A incapacidade de enfrentar a pluralidade de seres humanos e a ambivalência de todas as decisões classificatórias, ao contrário, se autoperpetuam e reforçam: quanto mais eficaz a tendência à homogeneidade e o esforço para eliminar a diferença, tanto mais difícil sentir-se à vontade em presença de estranhos, tanto mais ameaçadora a diferença e tanto mais intensa a ansiedade que ela gera. (BAUMAN, 2001, p. 94).

Ainda se percebe, na fala dos participantes, a tendência da homogeneidade branca, mas percebi uma pequena resistência em uma aluna e em um aluno.

“A capoeira é uma cultura que é bastante valorizada aqui em Boa Vista, o candomblé é uma religião pouco conhecida.” (Aluno Pardo)

“Minha mãe dizia que meu cabelo era ruim, então aos 7 anos fiz o meu primeiro alisamento e também minhas colegas também fazia (sic). Eu nunca refleti sobre isso, eu vim refletir muito tempo depois, aí eu vi que renegar as minhas raízes, apagar, querer esconder, é esconder toda a luta dos meus antepassados.” (Aluna Negra)

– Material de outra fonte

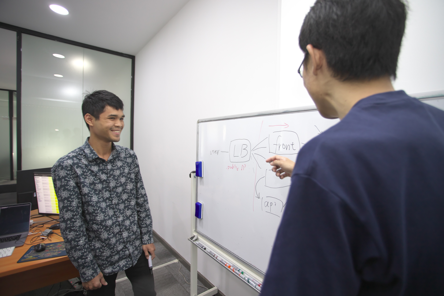 会社の現状に関しての話に移ると、現在2つのチームに分かれて仕事をしています。1つ目はインフラエンジニアリング事業で、お客様のシステム開発事業に参加して、サーバのセットアップや既存システムのメンテナンス、新しい仕組みの提案や構築、それによる高度化・自動化・安定化・低コスト化などのメリットを出していくというものです。主に使うOSがLinuxなので、Linuxサーバに関する深い知識が要求されます。ターミナルと呼ばれる、黒い背景に文字だけしか表示されないようなアプリを使って仕事をすることが多くて、慣れないうちは操作が難しいのですが、しばらくすると皆バリバリに使いこなしていて、今では私よりも仕事の早いメンバーも出てきました。求められるレベルはとても高いのですが、モチベーション次第でいくらでも技術を伸ばせる業務だと思います。2つ目はシステム開発事業で、これもお客様のシステム開発チームにカンボジアのエンジニアと参加して、サーバサイドのプログラミングやインフラ構築、フロントエンドのコーディングなどを実施します。特定のプロジェクトだけではなくて、複数プロジェクトを並行して進めているので、多様なプロジェクトで活躍できるようにWeb全般の広い知識が必要になります。合わせて、ブリッジエンジニアとしての開発ディレクションが必須なので、チームマネジメントと顧客折衝をマルチタスクに進めていくことになります。そのため、業務をうまく進められれば、IT技術だけでなくて時間管理とコミュニケーションスキルの面でも成長が見込まれると思います。

Afirma Souza, N. (1983, p. 77):

Ser negro é, além disto, tomar consciência do processo ideológico que, através de um discurso mítico acerca de si, engendra uma estrutura de desconhecimento que o aprisiona numa imagem alienada, na qual não reconhece. Ser negro é tomar posse desta consciência e criar uma nova consciência que reassegure o respeito às diferenças e que reafirme uma dignidade alheia a qualquer nível de exploração.

Então ser negro é ter consciência de sua identidade, conhecer a importância de sua imagem e reconhecer a importância da história dos antepassados africanos e assim construir sua própria história.